The sleep-deprived but irrepressible Buchi Akpati, 18, of Woodbridge, Va., also juggled three jobs at once through the semester — one online, another at the gym and another as a beauty consultant. Her days have unfolded like this, once she gets out of bed between 8 a.m. and 11 a.m.:

"I go to class, study in between class, go to work, study at work, go to my other job, Mary Kay, do some facials, sell some products, study in between, go back to my dorm, study and eat at the same time, work online at the same time, study afterwards from like 2 to 6 a.m., then sleep, and then wake up and do the same thing."

She is majoring in "biology, pre-medicine, with a splash of Spanish" and adding two summer classes to her workload. "I never get any sleep," she said brightly. "That's the thing."

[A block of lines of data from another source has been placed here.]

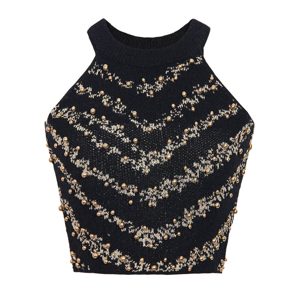 Irradia una luminosidad natural con nuestro exquisito top sin mangas de diseñador, adornado con un brillo cautivador. El escote redondo sin cordones transmite una sensación de comodidad y soltura. Las rayas de lúrex Charon en un tono contrastante realzan el encanto del top, captando todas las miradas con su estilo moderno. Los opulentos detalles de cuentas doradas le otorgan un aire de elegancia. Con su bajo corto, esta obra maestra de punto combina estilo y versatilidad a la perfección, convirtiéndola en la personificación del glamour tanto para ocasiones informales como elegantes. ¡Combínala sin esfuerzo con nuestra lujosa falda y chaqueta de punto de tweed!
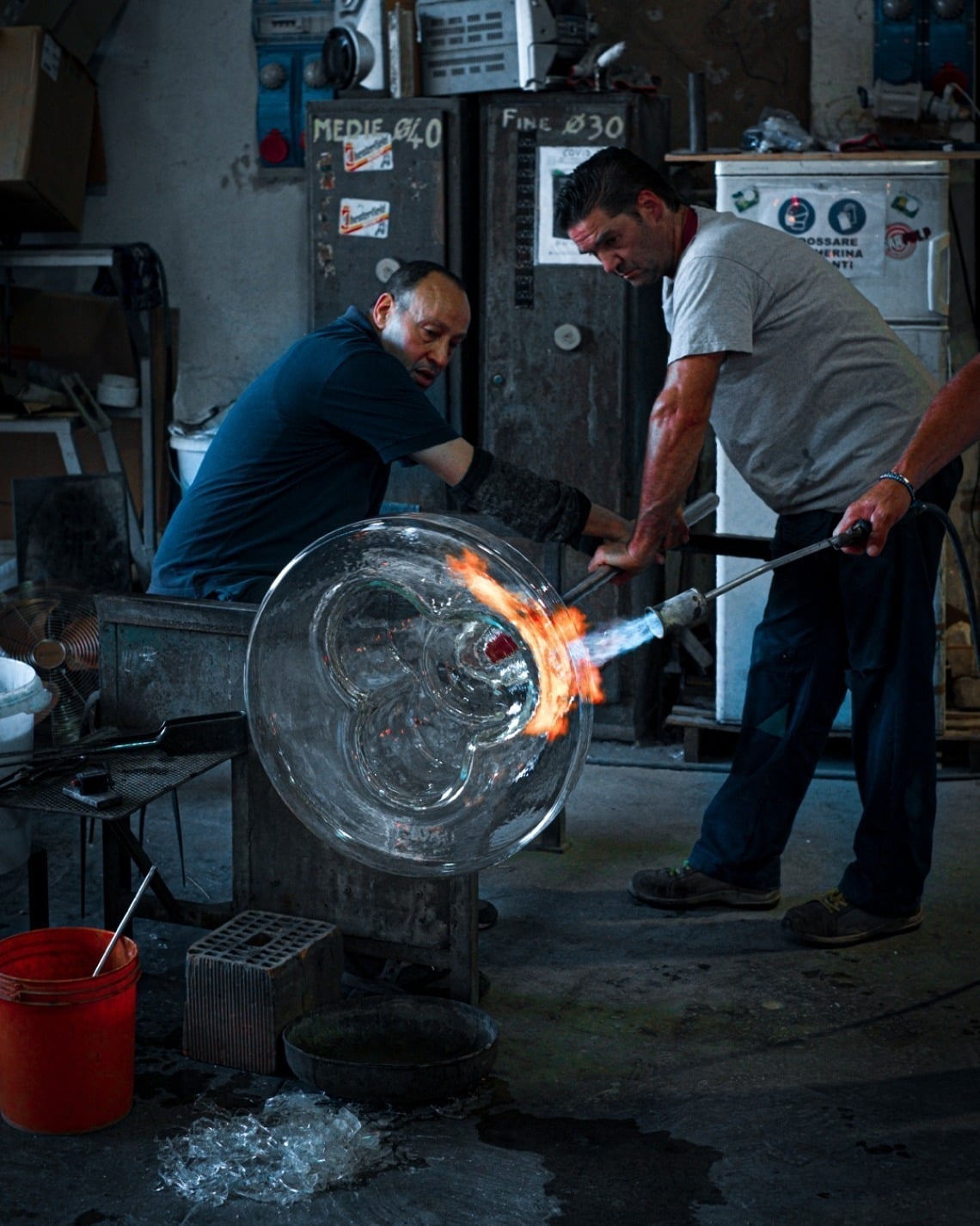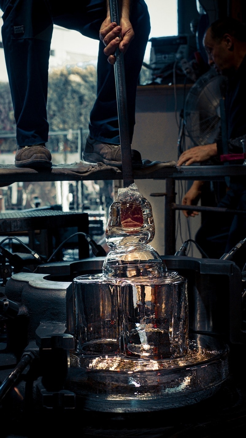 Soda được sinh ra lộn ngược, với một luồng không khí. Nó nặng 20 kg, được ba thợ thủy tinh bậc thầy thổi, kéo ra và tạo hình. Kết quả là một thể tích thủy tinh duy nhất với ba cánh hoa lớn tạo thành thân cây. Ở Soda, thủy tinh dao động: bề mặt cứng rắn, được mài giũa của nó phá vỡ độ trong suốt của nó để mang lại tính thẩm mỹ nguyên thủy. Đây là giá trị nghệ thuật được cấp cho một sản phẩm công nghiệp.
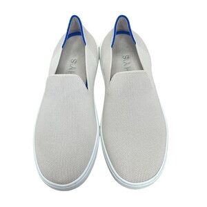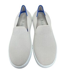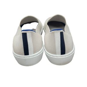 Stylish slip-on sneakers. Cream upper with blue accents. Comfortable and versatile.
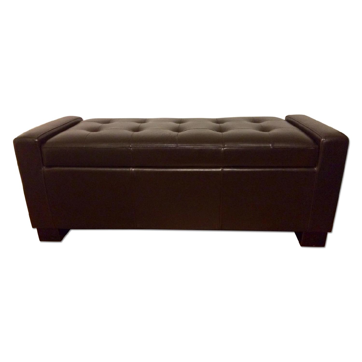 Seller's Notes:- Beautiful dark brown faux leather storage bench - Great storage for linens (including large blankets) and other items - Minor cracking on on top leather, smooth to the touch touch. Can be seen in close up.
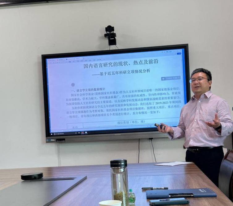 谢晓明教授呈现了语言学科近五年不同类型国家社科基金立项课题的数量,分析了具体的领域分布,提取出立项课题名称的高频词表,总结了当前语言研究的范围、方向、方法等方面的一些特点。
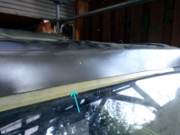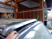結局純正ゴムが前方の収まりが良い感じだが、上部に隙間が出来る。強雨だと抜けてきそうなので純正ゴムの上にスポンジゴムを貼る事にする。 |
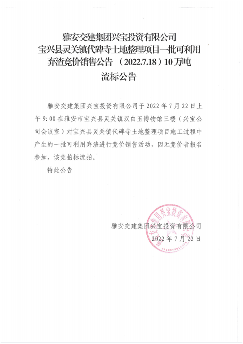 興寶公司寶興縣靈關鎮(zhèn)代碑寺土地整理項目10萬噸可利用棄渣競價銷售掛網公告7.22(10萬噸)
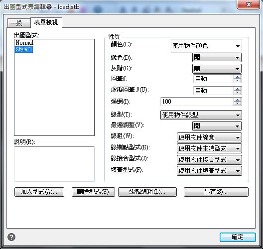 進入[出圖型式管理員]視窗後,選取一個出圖型式表(icad.stb),並按下[修改]。

The poll surveyed students at 40 U.S. colleges, exploring financial pressures, job possibilities, their state of mind and when stress becomes depression. Among the findings on the economy:

  • 22 percent of students said they worry a lot about having enough money to get through a typical week at school, and more — fully one-third — said they worry a lot about the finances of their parents.
  • Nearly one in five changed plans this year and decided to attend graduate or professional school after college because an undergraduate degree might not be enough to get them a job. Staying in school buys time for the economy to improve and defers repayment of student loans but adds living costs and debt.
  • 11 percent of those whose parents lost a job veered away from grad school because they could not afford it. They were twice as likely to avoid grad school as those whose parents did not lose a job. Job loss in the family also made twice as many students consider dropping out — 27 percent. Overall, nearly one in five considered quitting school.
  • 32 percent said financial worries have a lot of impact on the stress they're under, up from 27 percent last spring.